The Federal Communications Commission has revised its satellite spectrum-sharing rules to promote market entry, regulatory certainty and spectrum efficiency.
According to the FCC’s report and order released on Friday, the revision clarifies spectrum-sharing between non-geostationary satellite orbit, fixed-satellite service, or NGSO FSS, systems licensed in different processing rounds, with primary spectrum access granted to systems approved earlier. New entrants, meanwhile, are provided an established, cooperative spectrum-sharing structure allowing them to participate in the space industry.

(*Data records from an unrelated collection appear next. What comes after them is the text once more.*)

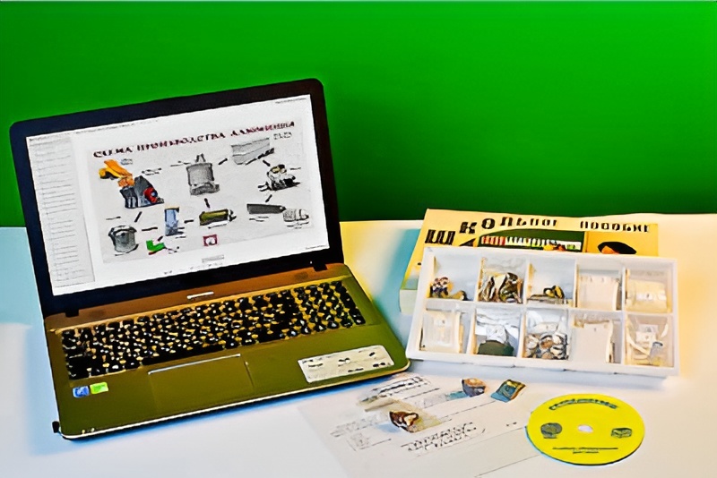 Образцы пронумерованы и помещены в коробку с ячейками. Комплектуются ламинированным вкладышем, содержащим информацию о свойствах, производстве и применении алюминия.
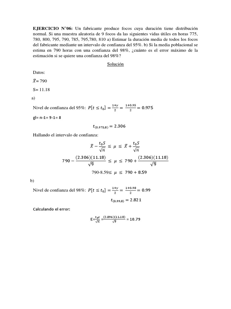 normal. Si una muestra aleatoria de 9 focos da las siguientes vidas útiles en horas 775,
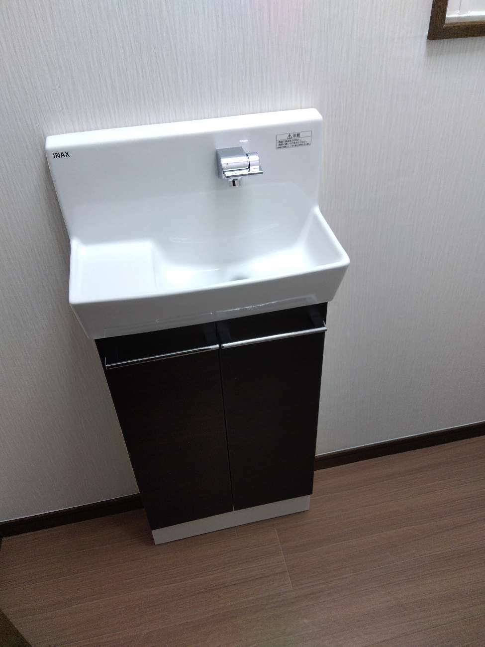 既存のカウンターと手洗器は撤去し、コンパクトなサイズの収納兼手洗器「コフレルワイド」を設置いたしました。

FCC Chairwoman Jessica Rosenworcel said the satellite spectrum sharing rules update “allows first movers to enjoy the advantage they’ve earned by daring to think big and take on risk, while also opening our skies to more competition.”
Satellite Spectrum Interference Protection
The new rules adopt a 3 percent time-weighted average throughput degradation as a long-term interference protection criterion and a 0.4 percent absolute increase in link unavailability as a short-term interference protection criterion.
While Amazon’s Kuiper, Viasat, Telesat, Intelsat and SpaceX agreed to the long-term interference protection criterion, OneWeb opposed it and submitted a petition for reconsideration, which the FCC denied.
The agency also declined to adopt additional protection metrics or an aggregate limit on interference from later-round NGSO FSS systems into earlier-round systems.